What does the Covid-19 outbreak mean for politics, and how should we cover it?
As far as the political team’s coverage is concerned, these are the questions I think should direct our analysis and reporting. I’ve also provided a sense of my thinking on these questions at the moment, because I’m a big believer that the most effective way to learn from your biases and mistakes is to a) write them down so you can’t squirrel out of them later and b) to be as transparent as possible about your thinking and processes so that you can crowdsource criticism and feedback from as wide a group of people as possible.
Has austerity made it harder for the government to tackle the coronavirus outbreak?
Although there have been a number of rhetorical retreats from it since 2016, the policy of successive Conservative governments since 2010 has been to close the deficit and reduce the United Kingdom’s debt pile through public spending cuts. Though there have been some tax rises – not least to VAT – since 2010, the government has largely eschewed taxation in favour of reductions in spending.

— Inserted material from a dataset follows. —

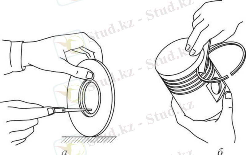 Сақинаны бақылау калибріне орнатқан кезде құлпындағы саңылауды өлшеу 8. 23, а-суретте көрсетілген. Сақина мен поршень кертігінің арасындағы саңылауды өлшеу 8. 23, б-суретте көрсетілген. Тиісті өлшемдегі поршеньді сақинаның саңылауы ұсақ кертікті егеудің көмегімен үйлестіріле алады.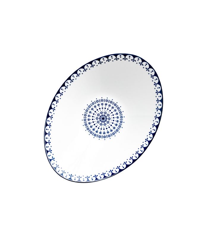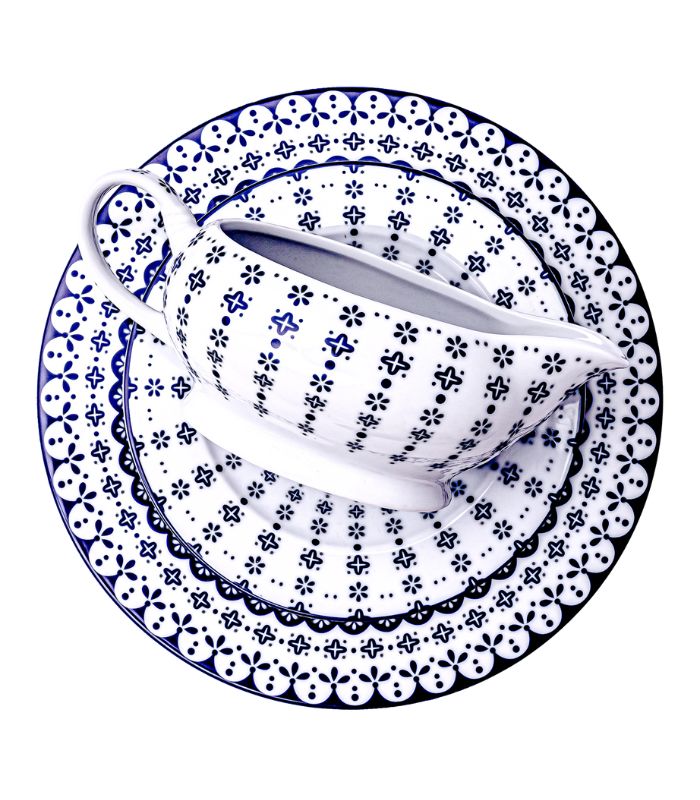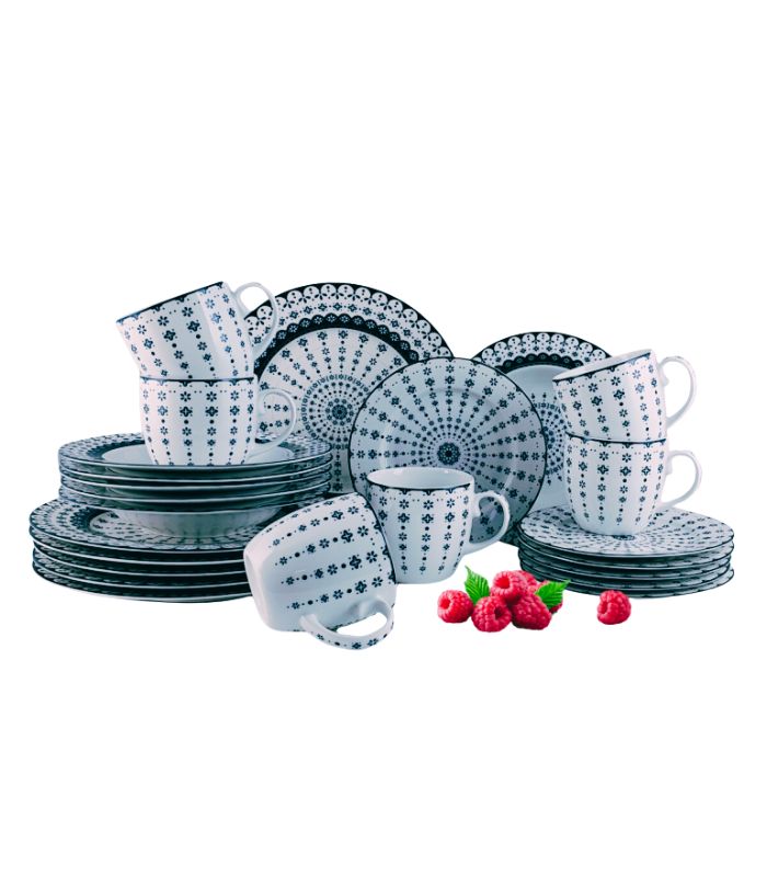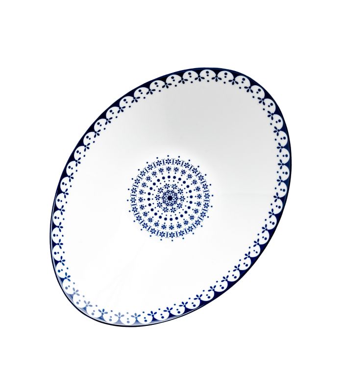 Oppdag Flisty – et klassisk og elegant servise i hvitt porselen med detaljrikt mørkeblått mønster. Det dekorative mønsteret er inspirert av klassisk europeisk design med et moderne preg, og gir serviset et sjarmerende og elegant utseende. Designet kombinerer tidløs sjarm med moderne brukervennlighet, og gir måltidene dine et løft – hver eneste dag.

(We shouldn’t forget, however, that tax rises, particularly in a downturn, are themselves a form of austerity. While hiking VAT is preferable to cutting in-work benefits as far as poverty reduction goes, both are measures that hit the lowest-paid hardest.)
Has a decade of spending restraint left the United Kingdom worse equipped to fight this pandemic than it would have been in 2010? I use the phrase “this pandemic” deliberately: one of the conscious political decisions made by David Cameron and George Osborne was to target cuts where they wouldn’t be noticed, which incentivises departments to pare back areas such as crisis readiness across the board, because in normal times there are precisely zero votes in crisis readiness.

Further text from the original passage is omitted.